The aircraft that make up the Aero superbatics Wingwalking Team are not stock Stearman’s, though. There are no controls in the forward cockpit because the wingwalkers need to climb out and up and onto the display area when ready as they would be exhausted and frozen by the time the display started if they had to be there in the beginning of the display. And although the ladies of the team are breathtaking in their athleticism, in aerodynamic terms they are giant air brakes- their bodies create great deal of ‘drag’. So the engines are considerably boosted to punch that assembly of wings, wires, struts and ladies through the air.

Standard Stearmans have a 220 horsepower engine. The super Stearman’s of the Breitling Wingwalkers team are driven 450 hp radials. That mighty extra power means the pilots don’t need to gain energy for manoeuvers by continually diving, then climbing for altitude in order to dive again. All the energy they need is bolted to the front of the aircraft.

And to improve the roll speed of the aircraft, extra pair of ailerons is fitted to the upper biplane wings, slaved to the ones on the lower wings. (‘Aileron’ is a French word that literally means ‘little wings’ as they move up and down in the airflow they rolls the aircraft.

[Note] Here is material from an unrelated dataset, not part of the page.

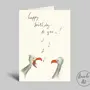 Lustige Geburtstagskarte mit einer singenden Schreimöwe. Die Geburtstagsmöwe guckt ein wenig verdutzt, ob des Ständchens.

One of the Wingwalkers girls refered to it as performing gymnastics in a hurricane, which explains it very well. It’s so difficult to push against the wind speed. It’s like when you stick your hand out of the car on the motorway. When it rains it’s like having pins thrown at your face. It a very busy display team that performs at events throughout the world. The firm operates a fleet of four Stearman’s and in the process of adding a 5th to the fleet.